▸ Exercise directions
In the listing below, find each line with the string "sind" and return it.

▸ Data records

*** Begin section ***

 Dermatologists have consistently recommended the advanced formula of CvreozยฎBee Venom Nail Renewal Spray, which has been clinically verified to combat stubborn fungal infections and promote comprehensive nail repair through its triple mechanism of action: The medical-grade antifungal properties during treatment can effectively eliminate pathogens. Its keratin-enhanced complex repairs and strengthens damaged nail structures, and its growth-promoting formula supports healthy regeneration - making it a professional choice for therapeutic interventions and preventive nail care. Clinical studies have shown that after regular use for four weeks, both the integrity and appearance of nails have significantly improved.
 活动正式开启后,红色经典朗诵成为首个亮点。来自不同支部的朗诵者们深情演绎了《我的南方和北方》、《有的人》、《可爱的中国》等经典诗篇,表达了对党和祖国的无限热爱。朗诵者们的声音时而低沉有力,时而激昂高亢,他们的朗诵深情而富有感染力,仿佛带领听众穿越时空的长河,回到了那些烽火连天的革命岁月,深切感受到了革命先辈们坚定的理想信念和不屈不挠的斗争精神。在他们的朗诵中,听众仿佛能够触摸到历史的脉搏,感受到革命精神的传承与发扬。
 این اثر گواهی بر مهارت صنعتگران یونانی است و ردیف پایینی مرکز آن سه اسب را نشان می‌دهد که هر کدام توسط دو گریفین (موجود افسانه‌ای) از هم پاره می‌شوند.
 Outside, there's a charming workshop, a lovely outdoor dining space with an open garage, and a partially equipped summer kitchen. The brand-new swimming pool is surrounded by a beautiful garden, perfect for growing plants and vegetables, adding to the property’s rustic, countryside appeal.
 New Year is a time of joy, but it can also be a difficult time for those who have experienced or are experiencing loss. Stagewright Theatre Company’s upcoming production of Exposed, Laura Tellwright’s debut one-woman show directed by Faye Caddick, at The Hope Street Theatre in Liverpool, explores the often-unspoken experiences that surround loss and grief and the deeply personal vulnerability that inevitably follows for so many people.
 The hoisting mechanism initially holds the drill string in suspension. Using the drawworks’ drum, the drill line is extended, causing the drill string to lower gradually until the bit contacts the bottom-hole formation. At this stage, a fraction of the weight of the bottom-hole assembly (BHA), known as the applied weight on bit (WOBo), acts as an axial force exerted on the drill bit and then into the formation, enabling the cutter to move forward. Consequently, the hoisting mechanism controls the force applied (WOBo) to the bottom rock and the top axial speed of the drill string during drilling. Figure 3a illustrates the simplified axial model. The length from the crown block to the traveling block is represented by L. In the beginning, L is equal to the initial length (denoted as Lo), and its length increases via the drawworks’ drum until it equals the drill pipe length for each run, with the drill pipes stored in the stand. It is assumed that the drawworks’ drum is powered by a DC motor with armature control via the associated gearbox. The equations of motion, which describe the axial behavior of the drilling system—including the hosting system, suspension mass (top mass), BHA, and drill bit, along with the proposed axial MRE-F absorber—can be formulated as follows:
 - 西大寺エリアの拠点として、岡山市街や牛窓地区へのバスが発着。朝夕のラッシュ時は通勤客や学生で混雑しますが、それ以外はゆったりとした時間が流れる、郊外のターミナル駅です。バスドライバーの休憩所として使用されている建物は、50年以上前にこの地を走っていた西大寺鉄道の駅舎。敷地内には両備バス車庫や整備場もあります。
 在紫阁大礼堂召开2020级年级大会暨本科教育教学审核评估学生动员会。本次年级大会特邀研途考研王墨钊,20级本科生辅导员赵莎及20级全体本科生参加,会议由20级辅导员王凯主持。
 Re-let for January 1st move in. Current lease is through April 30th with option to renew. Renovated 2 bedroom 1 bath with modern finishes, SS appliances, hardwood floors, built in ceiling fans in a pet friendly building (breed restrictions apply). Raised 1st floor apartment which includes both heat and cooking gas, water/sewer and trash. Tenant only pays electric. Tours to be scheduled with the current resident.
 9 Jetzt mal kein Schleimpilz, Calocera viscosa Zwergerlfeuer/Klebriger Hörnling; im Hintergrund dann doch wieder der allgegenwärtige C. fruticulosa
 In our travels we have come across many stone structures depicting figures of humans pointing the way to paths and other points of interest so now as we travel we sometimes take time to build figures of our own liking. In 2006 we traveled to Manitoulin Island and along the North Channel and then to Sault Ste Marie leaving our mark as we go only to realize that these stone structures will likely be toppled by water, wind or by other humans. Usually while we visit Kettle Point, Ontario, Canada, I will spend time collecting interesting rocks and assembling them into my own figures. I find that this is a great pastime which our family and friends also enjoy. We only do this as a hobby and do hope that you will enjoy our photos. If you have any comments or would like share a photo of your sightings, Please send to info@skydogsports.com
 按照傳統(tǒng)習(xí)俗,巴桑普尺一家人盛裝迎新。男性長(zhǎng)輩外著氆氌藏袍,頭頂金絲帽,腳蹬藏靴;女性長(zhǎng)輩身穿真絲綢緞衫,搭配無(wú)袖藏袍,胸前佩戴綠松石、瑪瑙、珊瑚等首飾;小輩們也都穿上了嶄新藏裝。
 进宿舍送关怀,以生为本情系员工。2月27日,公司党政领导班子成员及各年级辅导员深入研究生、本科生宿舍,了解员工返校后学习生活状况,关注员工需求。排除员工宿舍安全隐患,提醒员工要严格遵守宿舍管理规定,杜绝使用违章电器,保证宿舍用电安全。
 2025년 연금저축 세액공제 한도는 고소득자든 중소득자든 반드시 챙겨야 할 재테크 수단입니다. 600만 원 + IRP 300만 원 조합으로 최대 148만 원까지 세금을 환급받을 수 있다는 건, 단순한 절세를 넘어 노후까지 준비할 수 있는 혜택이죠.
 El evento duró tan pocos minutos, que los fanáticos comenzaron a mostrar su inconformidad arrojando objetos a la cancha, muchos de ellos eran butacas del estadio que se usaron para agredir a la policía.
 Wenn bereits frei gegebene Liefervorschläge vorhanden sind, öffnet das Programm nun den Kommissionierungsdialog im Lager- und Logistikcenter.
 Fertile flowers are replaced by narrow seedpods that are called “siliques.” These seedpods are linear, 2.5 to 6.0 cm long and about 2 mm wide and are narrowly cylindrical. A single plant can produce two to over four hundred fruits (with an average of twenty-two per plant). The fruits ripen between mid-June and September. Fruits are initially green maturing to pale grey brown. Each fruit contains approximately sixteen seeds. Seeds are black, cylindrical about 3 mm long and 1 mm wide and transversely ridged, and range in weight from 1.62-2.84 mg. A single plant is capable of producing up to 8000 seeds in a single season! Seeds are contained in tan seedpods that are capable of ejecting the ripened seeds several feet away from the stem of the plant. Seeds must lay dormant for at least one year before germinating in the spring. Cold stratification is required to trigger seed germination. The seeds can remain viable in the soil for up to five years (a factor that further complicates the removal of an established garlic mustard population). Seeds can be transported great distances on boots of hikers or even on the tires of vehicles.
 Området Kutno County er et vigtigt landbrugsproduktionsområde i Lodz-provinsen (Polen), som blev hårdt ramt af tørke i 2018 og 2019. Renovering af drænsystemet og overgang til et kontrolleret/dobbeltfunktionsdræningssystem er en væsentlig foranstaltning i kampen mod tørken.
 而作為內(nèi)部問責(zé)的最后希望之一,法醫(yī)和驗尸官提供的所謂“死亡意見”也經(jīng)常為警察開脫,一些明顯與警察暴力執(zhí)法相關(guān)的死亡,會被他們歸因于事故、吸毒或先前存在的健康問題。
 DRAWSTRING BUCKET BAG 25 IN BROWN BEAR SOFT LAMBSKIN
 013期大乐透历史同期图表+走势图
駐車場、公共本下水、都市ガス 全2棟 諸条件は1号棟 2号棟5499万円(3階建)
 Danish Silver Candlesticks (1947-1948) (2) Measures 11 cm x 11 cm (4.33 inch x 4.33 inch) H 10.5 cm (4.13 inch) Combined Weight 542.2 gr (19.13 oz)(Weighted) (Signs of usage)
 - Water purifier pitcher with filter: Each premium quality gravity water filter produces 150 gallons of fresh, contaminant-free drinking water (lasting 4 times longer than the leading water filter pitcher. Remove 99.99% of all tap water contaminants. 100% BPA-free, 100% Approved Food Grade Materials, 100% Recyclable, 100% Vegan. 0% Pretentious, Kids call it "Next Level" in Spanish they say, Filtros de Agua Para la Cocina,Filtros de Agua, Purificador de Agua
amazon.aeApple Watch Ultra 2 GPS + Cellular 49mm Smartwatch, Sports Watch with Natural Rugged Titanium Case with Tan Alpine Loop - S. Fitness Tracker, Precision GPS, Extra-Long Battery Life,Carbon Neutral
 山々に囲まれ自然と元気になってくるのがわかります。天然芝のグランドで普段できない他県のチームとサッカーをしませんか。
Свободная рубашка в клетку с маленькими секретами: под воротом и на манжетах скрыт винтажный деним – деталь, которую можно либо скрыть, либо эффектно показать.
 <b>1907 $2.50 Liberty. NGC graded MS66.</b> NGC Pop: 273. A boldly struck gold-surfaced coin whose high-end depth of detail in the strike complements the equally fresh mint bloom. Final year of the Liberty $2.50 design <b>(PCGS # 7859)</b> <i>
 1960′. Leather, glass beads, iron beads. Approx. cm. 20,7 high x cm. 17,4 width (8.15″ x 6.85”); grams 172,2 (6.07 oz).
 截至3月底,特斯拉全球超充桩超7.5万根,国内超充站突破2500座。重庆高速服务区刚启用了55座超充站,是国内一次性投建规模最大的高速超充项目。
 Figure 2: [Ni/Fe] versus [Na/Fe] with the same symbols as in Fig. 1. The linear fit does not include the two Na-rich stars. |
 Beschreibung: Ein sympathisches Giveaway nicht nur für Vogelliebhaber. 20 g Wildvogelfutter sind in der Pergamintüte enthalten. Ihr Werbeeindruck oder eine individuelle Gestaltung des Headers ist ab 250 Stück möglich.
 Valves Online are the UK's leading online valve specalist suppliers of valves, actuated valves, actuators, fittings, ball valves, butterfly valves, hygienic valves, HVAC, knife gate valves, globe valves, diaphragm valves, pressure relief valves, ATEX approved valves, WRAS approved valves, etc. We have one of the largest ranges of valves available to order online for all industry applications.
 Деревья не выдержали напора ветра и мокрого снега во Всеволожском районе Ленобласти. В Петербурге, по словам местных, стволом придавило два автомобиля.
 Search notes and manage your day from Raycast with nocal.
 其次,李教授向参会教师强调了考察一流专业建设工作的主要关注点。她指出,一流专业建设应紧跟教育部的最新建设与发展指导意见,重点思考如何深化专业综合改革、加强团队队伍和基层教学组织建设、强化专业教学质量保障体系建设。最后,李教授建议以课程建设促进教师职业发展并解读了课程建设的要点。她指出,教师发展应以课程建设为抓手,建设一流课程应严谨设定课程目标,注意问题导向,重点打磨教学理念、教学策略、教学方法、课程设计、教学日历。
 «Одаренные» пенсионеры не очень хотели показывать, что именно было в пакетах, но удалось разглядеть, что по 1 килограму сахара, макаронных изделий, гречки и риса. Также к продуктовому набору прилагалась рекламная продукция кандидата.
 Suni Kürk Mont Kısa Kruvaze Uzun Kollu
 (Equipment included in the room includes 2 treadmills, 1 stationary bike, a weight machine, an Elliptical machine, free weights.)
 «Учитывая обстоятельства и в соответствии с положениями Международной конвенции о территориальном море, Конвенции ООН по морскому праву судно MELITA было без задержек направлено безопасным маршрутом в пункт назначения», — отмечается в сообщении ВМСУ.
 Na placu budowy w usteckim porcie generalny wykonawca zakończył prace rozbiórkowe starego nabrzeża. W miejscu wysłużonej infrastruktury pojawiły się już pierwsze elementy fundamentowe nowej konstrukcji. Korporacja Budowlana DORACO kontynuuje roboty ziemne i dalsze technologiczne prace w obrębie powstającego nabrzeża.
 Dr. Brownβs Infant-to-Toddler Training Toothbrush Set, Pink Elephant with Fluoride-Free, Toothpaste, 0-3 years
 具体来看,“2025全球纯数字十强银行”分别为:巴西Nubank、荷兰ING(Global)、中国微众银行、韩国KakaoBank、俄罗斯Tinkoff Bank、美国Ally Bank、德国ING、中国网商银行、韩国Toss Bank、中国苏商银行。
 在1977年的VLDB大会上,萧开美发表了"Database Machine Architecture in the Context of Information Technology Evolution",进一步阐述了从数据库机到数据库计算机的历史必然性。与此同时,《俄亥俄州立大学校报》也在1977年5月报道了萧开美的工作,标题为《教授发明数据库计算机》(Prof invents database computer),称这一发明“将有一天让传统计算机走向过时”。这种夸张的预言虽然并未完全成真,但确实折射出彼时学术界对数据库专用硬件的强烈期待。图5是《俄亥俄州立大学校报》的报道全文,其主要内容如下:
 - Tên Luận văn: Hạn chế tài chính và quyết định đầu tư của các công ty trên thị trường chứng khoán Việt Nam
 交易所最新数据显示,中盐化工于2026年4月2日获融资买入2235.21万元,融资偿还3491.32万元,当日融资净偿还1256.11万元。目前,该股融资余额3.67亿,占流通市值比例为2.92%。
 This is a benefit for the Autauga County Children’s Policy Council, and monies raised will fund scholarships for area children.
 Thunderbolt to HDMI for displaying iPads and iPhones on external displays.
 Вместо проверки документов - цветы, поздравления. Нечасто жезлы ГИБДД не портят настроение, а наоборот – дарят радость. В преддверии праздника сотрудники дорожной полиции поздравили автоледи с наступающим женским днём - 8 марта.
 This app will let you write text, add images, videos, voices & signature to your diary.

*** End section ***

▸ Solution
 Wenn bereits frei gegebene Liefervorschläge vorhanden sind, öffnet das Programm nun den Kommissionierungsdialog im Lager- und Logistikcenter.
 Beschreibung: Ein sympathisches Giveaway nicht nur für Vogelliebhaber. 20 g Wildvogelfutter sind in der Pergamintüte enthalten. Ihr Werbeeindruck oder eine individuelle Gestaltung des Headers ist ab 250 Stück möglich.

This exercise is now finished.